Probably he had decided to leave that night, after all. Augustus noticed and stood up, meaning to saunter over and say goodbye.

"Coming, Woodrow?" he asked.

"No–he's got half the town to say goodbye to as it is," Call said–but Augustus, to his surprise, insisted that he come.

"You've been his captain since he was a boy," Gus said. "You mustn't let him go off without a goodbye." Call knew Augustus was right–it would puzzle the boys who were staying if he held aloof from Jake's goodbye. He walked over with Augustus and shook Jake's hand.

"Take care on the roads, Jake, and good luck," he said.

Jake Spoon was so surprised that Call had come to see him off that he flushed with gratitude.

It had been four years or more since Call had spoken to him, other than to issue the briefest and simplest commands–mostly, for the whole term of the civil war, Captain Call had treated him as if he were not there. It was such a surprise to receive a handshake from him that Jake was speechless, for a time.

"Thanks, Captain," he managed to mumble.

"I aim to go prospecting for silver." Call saw no need to extend the courtesies further. Even though Jake was mounted, Augustus produced a bottle and passed it around; soon the whole troop would be too drunk to notice whether he was polite to Jake Spoon or not. He noticed to his surprise that several of the rangers had been crying–ffPea Eye and Deets and several of the younger men, Jake was a pard, a friend who had rangered with them and shared the anxieties of youth. Jake had ever been a merry companion, except when he was scared; why wouldn't they mist up a little, now that he was going?

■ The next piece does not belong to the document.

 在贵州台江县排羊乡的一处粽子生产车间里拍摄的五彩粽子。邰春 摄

Call walked away, back across the street, past the house where Maggie Tilton still boarded.

He wondered, for a moment, what she was thinking, now that the man who had carried her groceries and tended her garden was going. He seldom thought much of Maggie now, though, sometimes, from habit, crossing beneath her window at night, he would look up to see if her lamp was lit.

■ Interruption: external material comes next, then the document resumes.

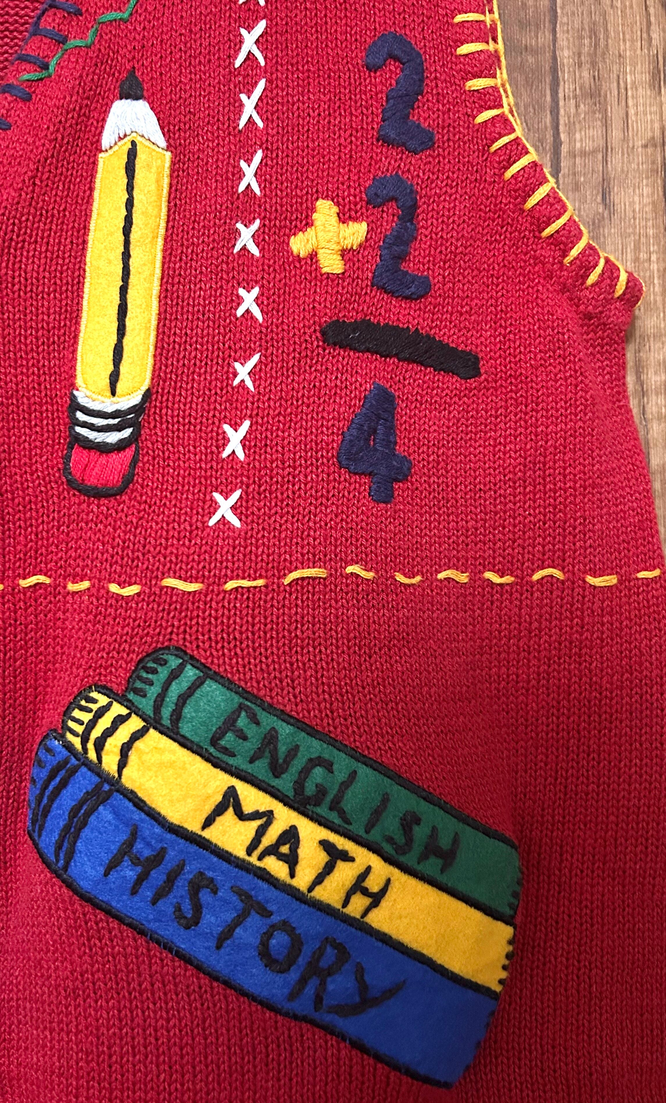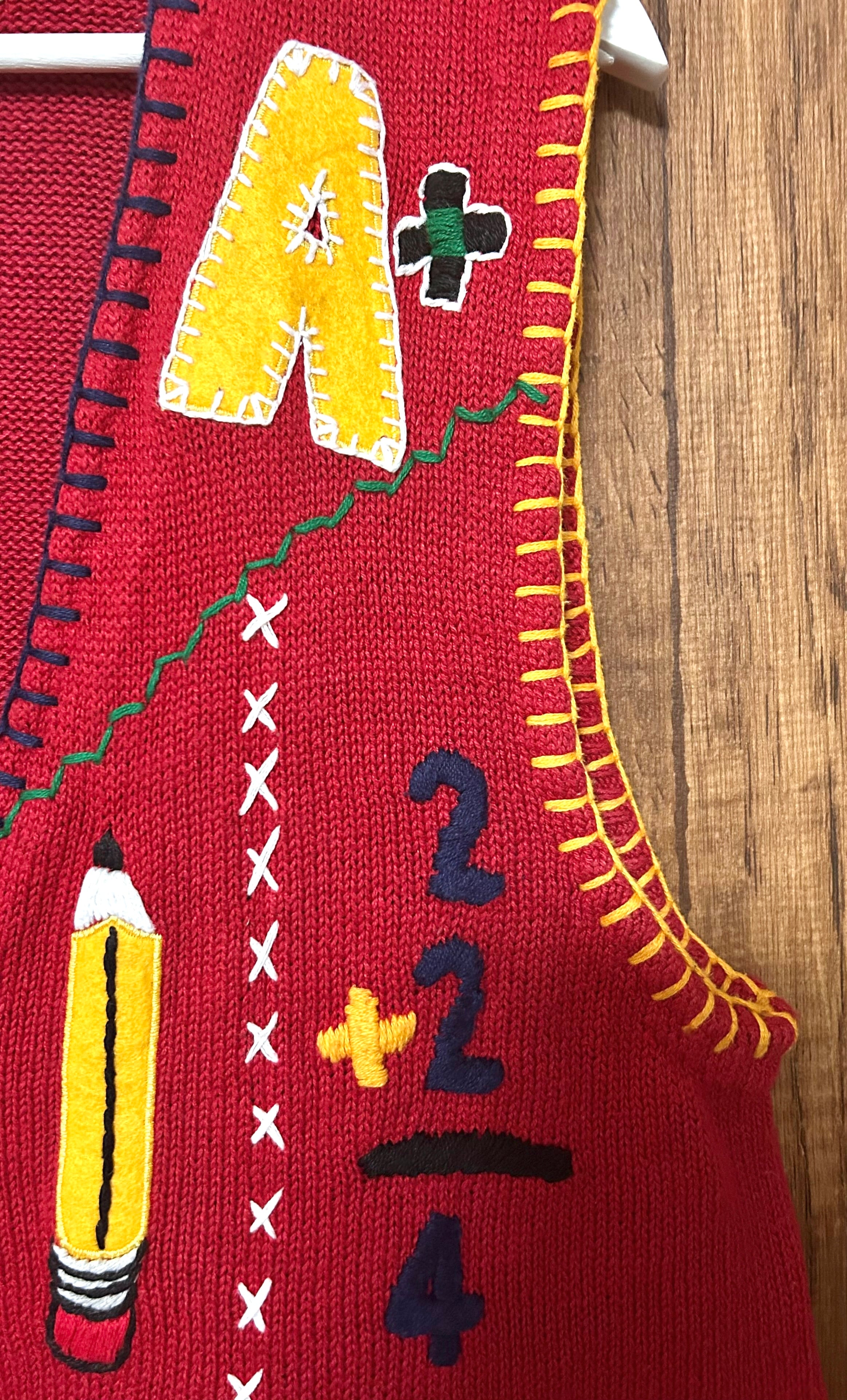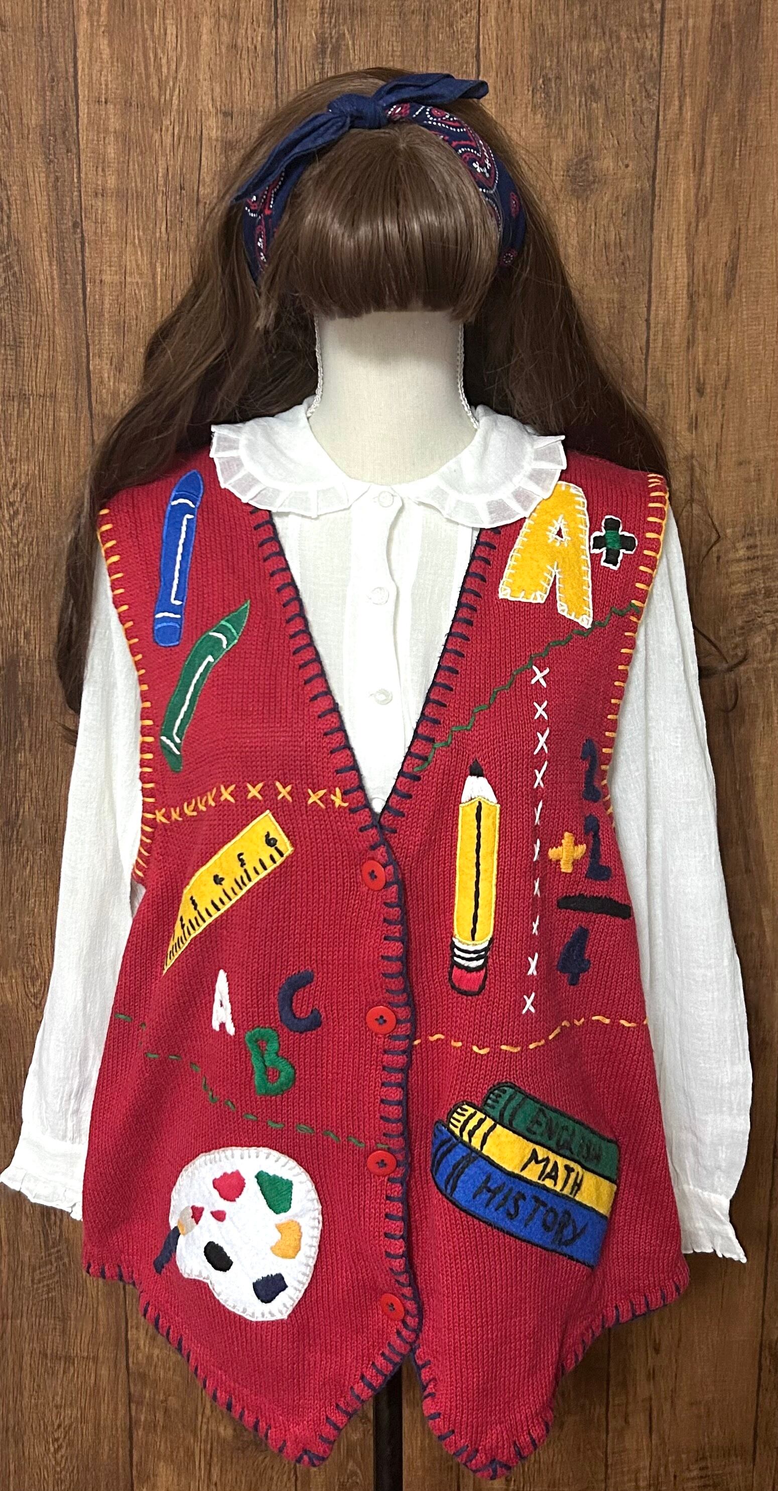 ニットベスト 赤 刺繍 手刺繍 スクール 学校 アメリカン カントリー ファンシー レトロ かわいい おしゃれ 個性的 ヴィンテージ USA vintage used 古着/club723 クラブ723(N772)

In the dusk, by the lots, the men were urging Jake to stay at least until morning. Newt could not control his emotions–tears kept leaking out of his eyes. He kept turning his back to wipe them away, so that Pea Eye and Deets and the others would not see him crying. Jake was his best pard and his mother's best friend. With his mother sickly and Jake leaving, Newt hardly knew what he would do; he would have to try and do all the things that Jake did, when it came to helping his mother. He didn't know much about gardening, but thought he could manage the firewood, at least.

Pea Eye, too, was disturbed. Jake had been talking about leaving the rangers the whole of the time Pea Eye had known him; he supposed it was just the kind of dreamy talk men indulged in when they were restless or blue; but now his horse was saddled and all his goods packed on a mule he had bought with some saved-up wages. Pea Eye considered the move a dreadful mistake–but no one could argue Jake out of it.

Deets said only a brief goodbye. The comings and goings of white men were beyond his understanding and concern.

Now and then, though, he saw things in the stars he didn't like, things that suggested Mr. Jake might be having some trouble, someday. No doubt his leaving would make Miss Maggie sad.

When Augustus learned that Jake had purchased a mule to carry his tack, he was indignant.

"Why, Jake, you scamp–y've been hoarding up money," he said. "Your job was to bring out your money and lose it to me in a fair game of poker. Now that I know you're a hoarder I ain't so sorry you're leaving." Jake had taken a good amount of liquor in the course of his goodbyes. In fact, he had been drunk for the last three days, attempting to work himself up to departing. No one could understand why he wanted to leave at such a time, with the war just ended.

Jake hadn't wanted to be a soldier in that war, but he did want to get rich. He had seen a little booklet about the silver prospects in Colorado and the thought of discovering silver had given him a bad case of wanderlust.

Besides, Texas was poor, impoverished by the war; the Indians were still bad, and Woodrow Call didn't like him–all reasons for leaving. Even if Call had liked him there would have been no way to get rich in Texas–Jake had a longing for fine clothes that would never be satisfied if he stayed in Texas.

Of course, there was Maggie and Newt–they'd been a family to him for a few years, although Maggie had refused him the one time he suggested marriage. Later, Jake was relieved by the refusal. Maggie was not well, and, even if she had been, it was too hard to earn a living in a poor place such as Texas.

Besides, he had heard a rumour that the Yankee military meant to come in and hang all the Texas Rangers, as being sympathizers with the Rebs. He didn't want to hang, so now he was leaving, but it wasn't an easy thing. He had bidden goodbye to Maggie three times now, and to Newt; he had said several goodbyes to Pea Eye and the boys. It was time to go, and yet he lingered.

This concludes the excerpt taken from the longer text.